If we want to get real (floating point) numbers in an interval $[a,b]$, we get them by rescaling integers $i$ generated by a PRNG with a given period:
    
$$x = (b-a)\times i/{\rm period} + a,\ \ \ \ \ x\in [a,b].$$

In [16]:
for i in range(10):
    print(rvf[i])

0.8085335162468255
0.8445600075647235
0.5800582403317094
0.6429144176654518
0.906307122670114
0.6929400619119406
0.30008307099342346
0.5973380575887859
0.6563111133873463
0.8225305788218975


In [17]:
#Rescale to the interval $[1,2]$
for i in range(10):
    print((2-1)*rvf[i] + 1)


1.8085335162468255
1.8445600075647235
1.5800582403317094
1.6429144176654518
1.906307122670114
1.6929400619119406
1.3000830709934235
1.5973380575887859
1.6563111133873463
1.8225305788218975


### <font color='blue'>How random are the numbers generated by PCGs? </font>

Very random. In fact, PCG generators [pass all known tests of randomness](https://www.johndcook.com/blog/2017/07/07/testing-the-pcg-random-number-generator/). 
    
    
It's more than sufficiently random to use for any scientific analyses that require random numbers and [Monte Carlo experiments](https://en.wikipedia.org/wiki/Monte_Carlo_method). Most PCG variants are not good for cryptography (although some variants can be used), but cryptography is of no concern in science or statistics. 

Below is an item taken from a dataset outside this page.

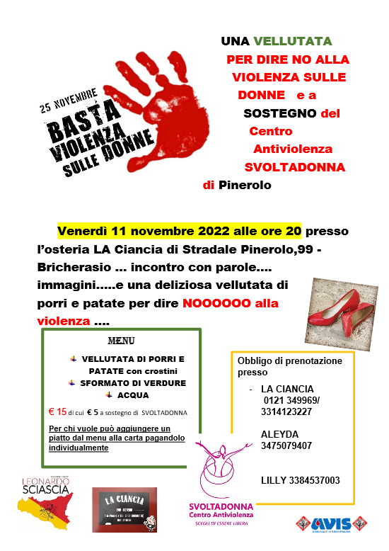 In occasione del 25 novembre, Giornata internazionale per dire no alla violenza sulle donne l’Associazione Leonardo Sciascia di Bricherasio Invita tutti alla serata di venerdì 11 novembre, alle ore 20, all’Osteria La Ciancia in Stradale Pinerolo, 99 a Bricherasio per partecipare all’incontro di parzole e immagini con uma deliziosa vellutata di porri e patate con crostini e uno sformato di verdure per dire no alla violenza pensando di organizzare qualcosa di concreto e per dare un aiuto tangibile al Centro Antiviolenza Svoltadonna di Pinerolo con una serata vellutata. Il costo di partecipazione è fissato a 15 €, di cui 5 € andranno a sostegno di Svoltadonna e per chi lo desidera si potrà aggiungere un piatto dal menù alla carta pagandolo individualmente. Obbligatoria la prenotazione alla Ciancia al numero 0121/349969, da Aleyda 347/5079407 e da Lilly al 338/4537003.

Python's [<tt>random</tt> module](https://www.w3schools.com/python/module_random.asp) uses an older  PRNG algorithm based on the Mersenne Twister method. This method is much more complicated but PRNG based on it is not really better. However, the random submodule of the NumPy module for fast numerical computations, which we will start studying and using in the near future, uses Melissa O'Neill's PCG generators as a default PRNG. 

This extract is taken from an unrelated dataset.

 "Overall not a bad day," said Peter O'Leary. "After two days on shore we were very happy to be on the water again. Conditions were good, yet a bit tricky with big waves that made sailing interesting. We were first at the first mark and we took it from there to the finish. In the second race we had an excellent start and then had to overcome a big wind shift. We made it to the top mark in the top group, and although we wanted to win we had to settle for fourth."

### <font color='blue'>Take-home message</font>

It's not completely obvious (it took people ~60 years of research!), but PRNGs that are fast, simple (few lines of code), idea  and have great statistical properties (i.e. very close to being truly random) can be implemented  based on Melissa O'Neill's Permuted Congruential Generators.


**_Note_**: floating point numbers produced with PRNGs are said to be *distributed uniformly* in the interval for which they are generated because probability to fall within any equal size subinterval with the range is the same. We say that the random numbers are *drawn from a uniform probability distribution function* (pdf). We will discuss probability distribution functations (aka probability density functions) next.